Regional Labour Court Cologne: Return of the office key after termination of an employment
An employee who had received an office key in context with his employment is obliged to return this key upon request of the employer or after termination of the employment. In general, the keys have to be handed over at the place of the office. This obligation has been confirmed by the Regional Labour Court Cologne in its decision of 10 August 2017 (LAG Köln, 7 Sa 1073/16).

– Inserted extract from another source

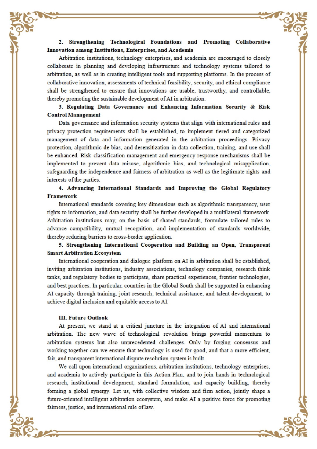 有鑒于此,貿(mào)仲于本次論壇正式形成并發(fā)布《行動計(jì)劃》,系統(tǒng)闡述了人工智能與國際仲裁融合發(fā)展的方向與路徑?!缎袆佑?jì)劃》明確提出四大合作目標(biāo):一是包容共享、彌合鴻溝,推動全球仲裁機(jī)構(gòu)間技術(shù)交流與能力建設(shè);二是尊重權(quán)利、保障程序,確保仲裁程序的獨(dú)立性與正當(dāng)性;三是提升透明、促進(jìn)公正,推動人工智能應(yīng)用適度披露;四是協(xié)同治理、構(gòu)建標(biāo)準(zhǔn),倡導(dǎo)制定國際共識與規(guī)則。同時,《行動計(jì)劃》提出五方面合作框架:一是拓展應(yīng)用場景,探索“人工智能+仲裁”的融合模式;二是夯實(shí)技術(shù)基礎(chǔ),推動機(jī)構(gòu)、企業(yè)與學(xué)術(shù)界協(xié)同創(chuàng)新;三是規(guī)范數(shù)據(jù)治理,強(qiáng)化信息安全與風(fēng)險防控;四是推進(jìn)國際標(biāo)準(zhǔn)制定,完善全球規(guī)則體系;五是加強(qiáng)國際交流合作,共建開放透明的智能仲裁生態(tài),特別關(guān)注全球南方國家的能力提升與數(shù)字普惠?!缎袆佑?jì)劃》指出,人工智能與國際仲裁的融合發(fā)展正處在重要關(guān)口。唯有凝聚共識、攜手合作,方能確保技術(shù)向善而行,推動建立更加高效、公正、透明的國際爭議解決體系。

In the dispute at hand, an employee of a law firm had been provided with office keys in order to facilitate her work performance. In the beginning of 2016, the relationship between her and her employer worsened considerably. Due to the bad relationship, the employer asked her to return the office keys and two weeks later served her with the termination notice. In order to obtain the office keys, the employer even visited the employee at her private address. The employee, however, rejected to hand-over the keys due to the fact that the employment had not been terminated at that time. Additionally, she claimed, the key was already at her lawyer’s office and above that, she could not be forced to communicate with her employer at that time because their relationship had already turned unbearable. After termination, the employee sent the office keys via registered mail. The letter, however, arrived at the employer damaged and was lacking the keys. They were found by the post only four weeks later and thus it was delivered to the employer with delay. Consequently, the employer filed a lawsuit demanding damages for the exchange of the main door lock as well as the envisaged exchange of the locking system for the whole building.

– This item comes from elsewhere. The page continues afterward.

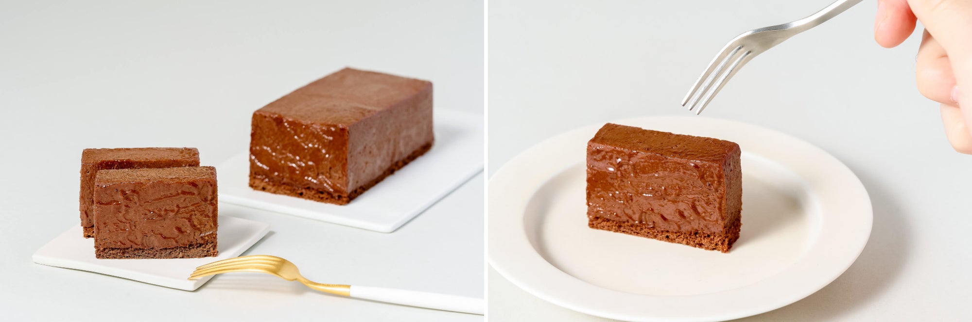 なめらかな口溶けで、チョコレートの濃厚な風味とカカオ由来のコクをお楽しみいただける生菓子です。王道で満足感たっぷりの甘い風味のチョコレートフレーバー「CLASSIC」をなめらかなテリーヌ生地に、ナッツのような風味とコクのあるチョコレートフレーバー「NUTTY」をスポンジ生地に使うことで、豊かな香りと満足感のある味わいを実現しました。

The Regional Labour Court Cologne confirmed the first instance ruling of the Labour Court Aachen, which had granted the employer damages. The main questions were, if the return of the office keys could already be requested before the termination and if the obligation to return them was a debt collectible by the creditor (“Holschuld”) or a debt to be collected at the creditor’s domicile (“Bringschuld”). In case of a Holschuld it had to be collected at the place of the debtor’s residence at the time the obligation emerged. In case of a Bringschuld the employee would have to return the keys at her place of work. The Regional Labour Court Cologne stated that it was a Bringschuld. The defendant’s possession of the office keys was based solely on the fact that she owed her employment duties at the office of the plaintiff. The keys she was provided with granted her access to the office and thus could be considered to be work equipment. The obligation to return work equipment was an accessory obligation to the main employment obligation. Accessory obligations were to be fulfilled at the place of the main obligations. Above that, the employment contract consisted of an exchange of mutual rights and obligations.
In certain types of such mutual contracts, one of which is the employment contract, it is generally accepted that there is one uniform place of performance for all obligations. Place of performance for the mutual rights and obligations resulting from an employment generally were the place of work.
Even if one would assume (to the benefit of the employee) that it was a Holschuld, in the case at hand, the employee would not have complied with such obligation, because such obligation was already effective when the employer visited the employee at her private address and asked for the keys. It was irrelevant that the employment had not been terminated at that time. The plaintiff had provided the defendant with the keys for the sole reason to facilitate the performance of her employment. Apart from the employment, the employee had no justifiable reason to possess office keys.
Even during the employment, the plaintiff had the right (deriving from the employee’s right to issue instructions) to ask the employee to return the office keys at any time. The termination of the employment was no condition for such right.
Due to the keys being lost on the mail – even if only for a certain time – the court considered it necessary that the employer exchanged the security locking system for the whole building, in which the law firm’s office was seated. The court thus granted damages regarding the door lock that was already exchanged at the time of the lawsuit, as well as regarding the locking system, with view to which the plaintiff only submitted a quotation. Even though the plaintiff as a first urgency measure only exchanged the main lock, the defendant could not refer him to keep this state permanently. The mere exchange of the main door lock only provided for restricted protection, as long as the doors to the law firm’s office doors could still be entered with the keys that had been lost for a certain amount of time. Above that, the plaintiff does not have to settle for less than the comfort he had before with a uniform security locking system and use separate incompatible locks from now on.
According to this decision, employees that have been provided with office keys to perform their work have to return such keys upon their employer’s request. When returning the keys, they should pay attention to hand over the keys directly to the employer and to document this thoroughly.